Por supuesto, el destete de una parte importante del gas debería ser una operación gestionada con mucho cuidado, midiendo sus repercusiones en las diferentes clases sociales, al igual que debería orientarse hacia una reducción voluntaria del consumo civil, asegurando al mismo tiempo lo necesario para mantener la producción básica y los servicios esenciales en buen estado.
Todos recordamos los interminables discursos sobre la reconversión económica durante la época de la pandemia (que aún está entre nosotros), sobre la necesaria inversión de la pirámide de prioridades.
Ahora la historia nos enfrenta a decisiones igualmente difíciles que durante la pandemia. Y éstas deberían tomarse con la misma autoridad y decisión que emplearon muchos gobiernos de entonces, empezando por el italiano, en lugar de transferir más y más recursos del bienestar al aumento del gasto militar de un día para otro.

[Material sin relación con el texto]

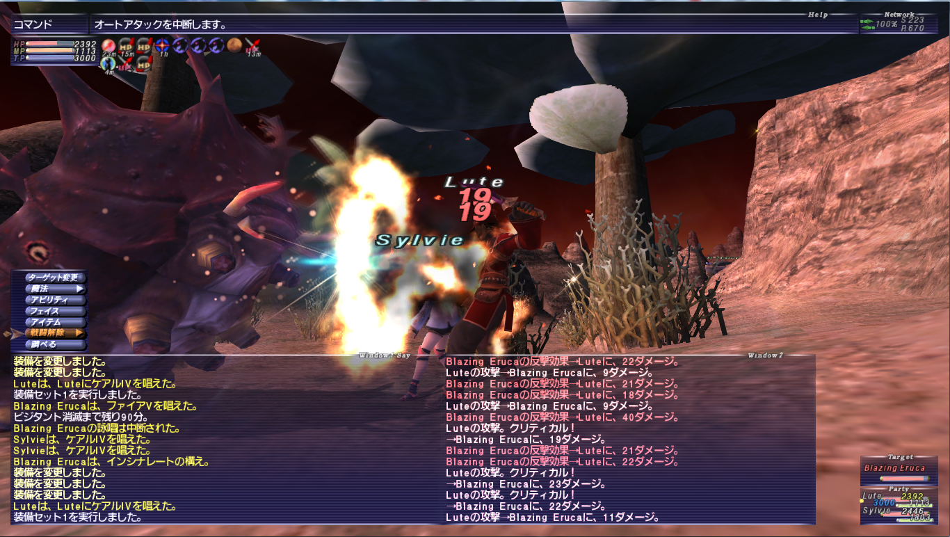 アビセアアットワのBlazing Eruca(常時ブレイズスパイク)の反撃ダメージからレジストデータを取ります。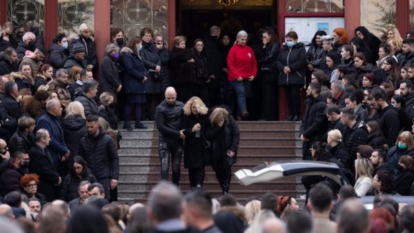 Πλήθος κόσμου συγκεντρώθηκε στον ναό του Αγίου Δημητρίου στη Λάρισα για να πουν το τελευταίο αντίο στην 21χρονη Κλαούντια-Αλεξάνδρα, θύμα του πολύνεκρου σιδηροδρομικού δυστυχήματος στα Τέμπη.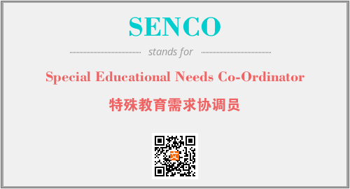 上述内容是“Special Educational Needs Co-Ordinator”作为“SENCO”的缩写,解释为“特殊教育需求协调员”时的信息,以及英文缩略词SENCO所代表的英文单词,其对应的中文拼音、详细解释以及在英文中的流行度和相关分类、应用领域及应用示例等。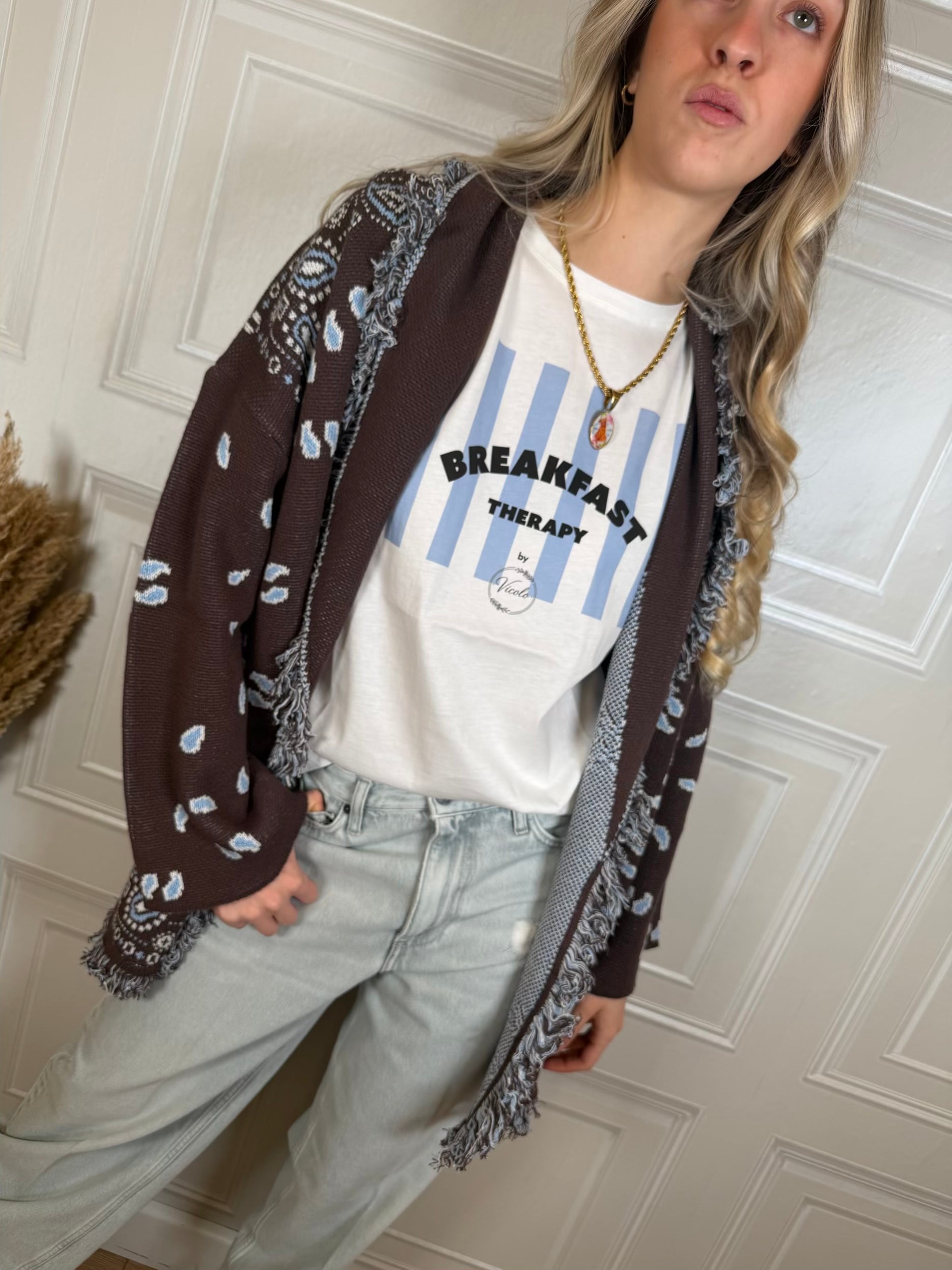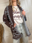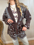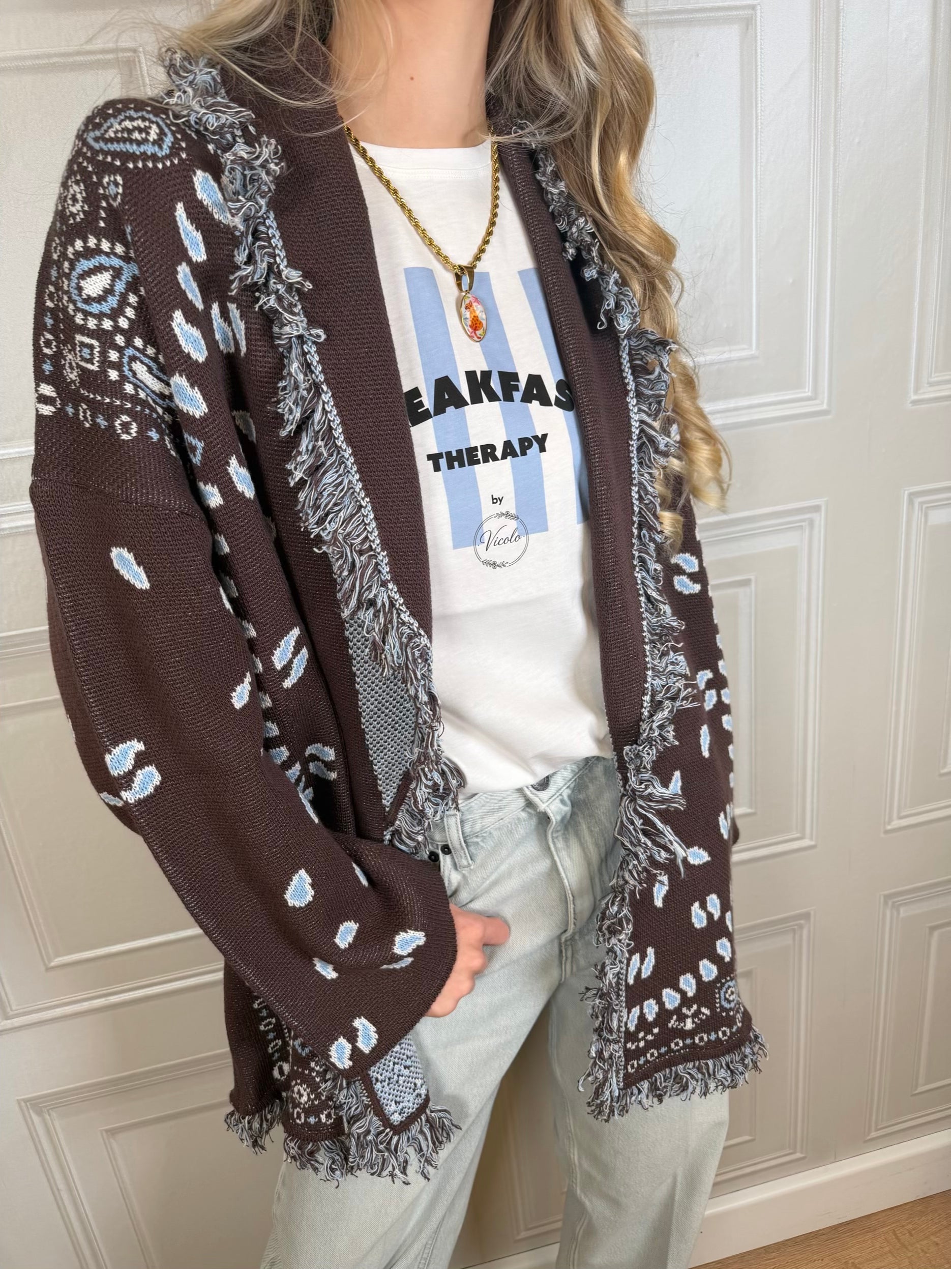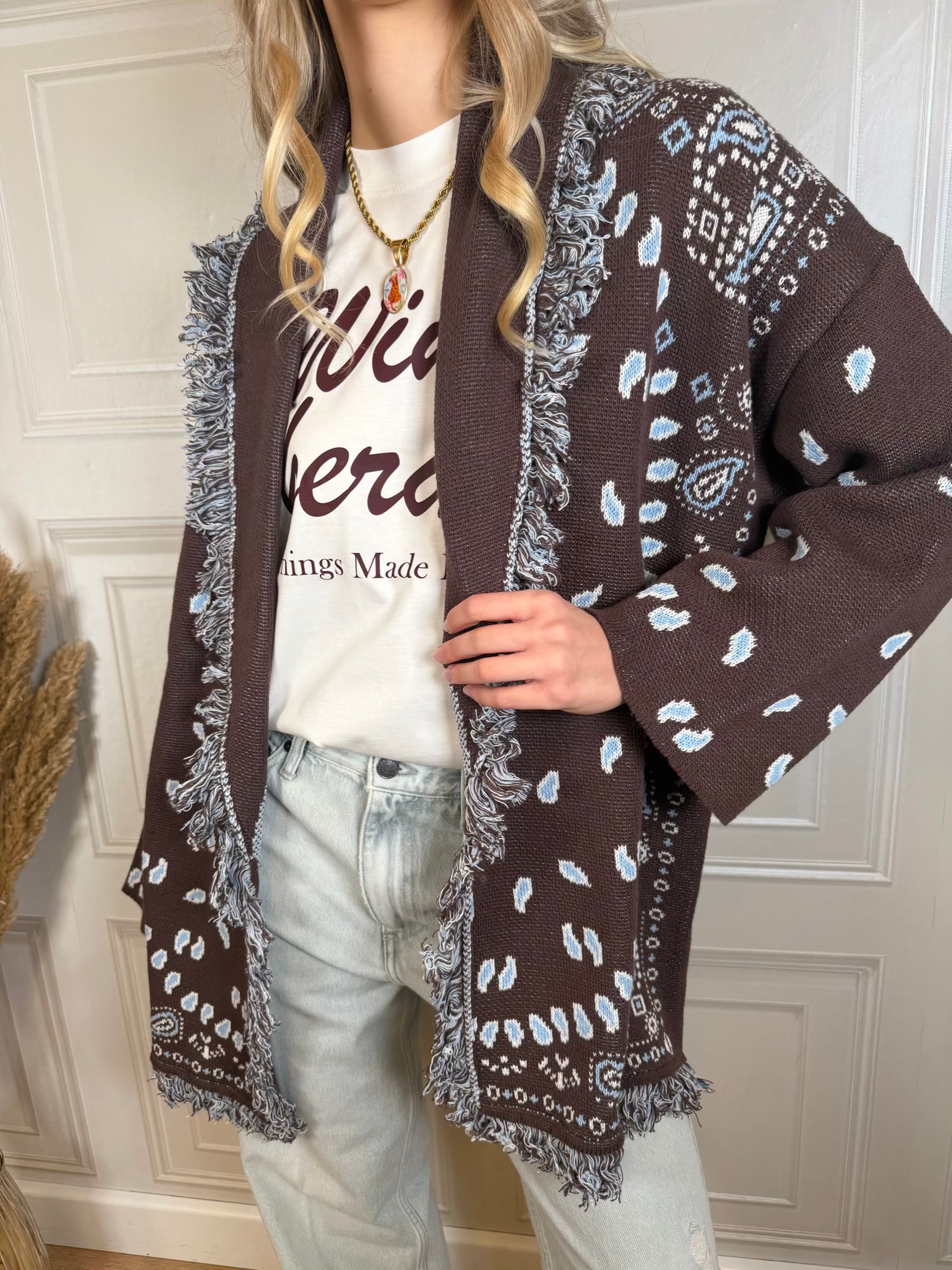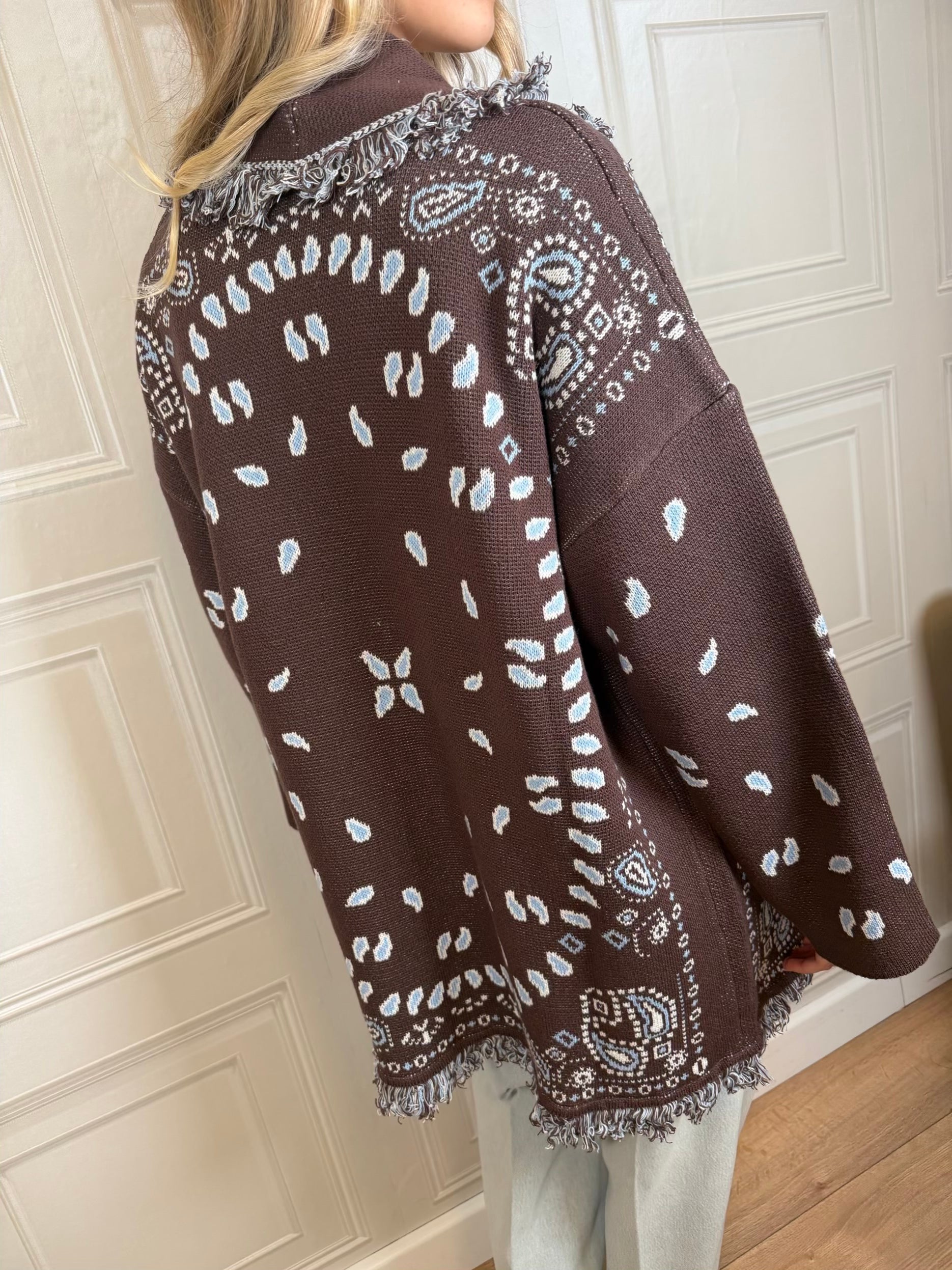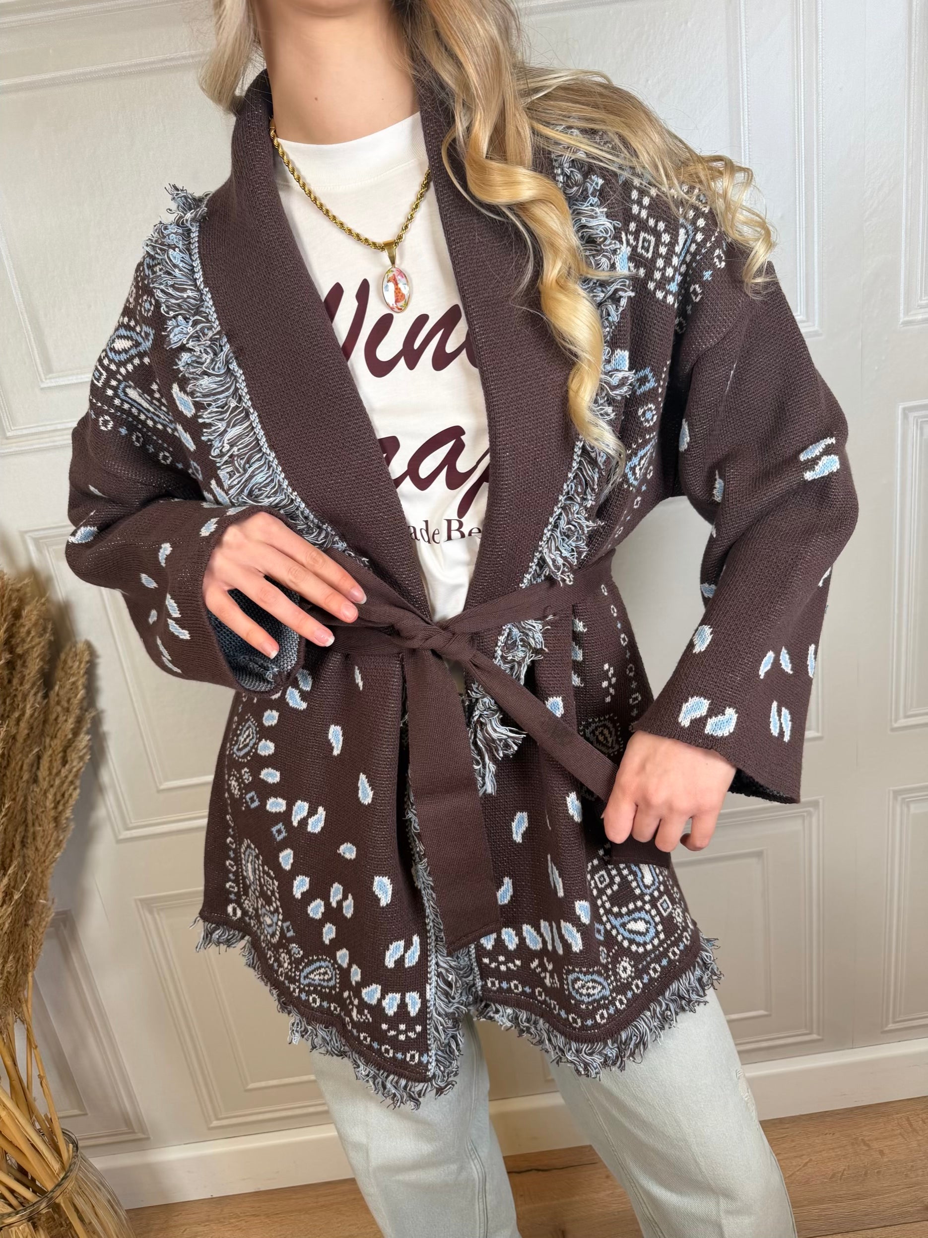 Cardigan sui toni del moro e azzurro. Vestibilità leggermente morbida. Dettaglio di frangette. Cinturina inclusa. Taglia unica

La paz no sale gratis; el pacifismo no es un paseo por el parque, y lo que se ha llamado «pacifismo activo», menos aún: el tipo de pacifismo que no tiene dudas sobre qué lado tomar, que rechaza las acusaciones de estar con ambas partes, que considera la lucha del pueblo ucraniano como resistencia contra el invasor. Un pacifismo que quiere deshacerse de las armas, efectivamente, pero en primer lugar de quienes las utilizan para atacar, no para defenderse. Y que está dispuesto a deshacerse del arma decisiva del chantaje económico de las manos del feroz dictador. Vienen luego todas las estrategias militares, todos los escenarios geopolíticos. No antes.
Norma Rangeri. Directora desde 2010 del diario italiano “Il Manifesto”, en el que lleva trabajando desde 1974, primero como crítica de televisión, experiencia recogida en su libro “Chi l´ha vista? Tutto il peggio della tv da Berlusconi a Prodi’ (o viceversa)”, Milán, Rizzoli, 2007.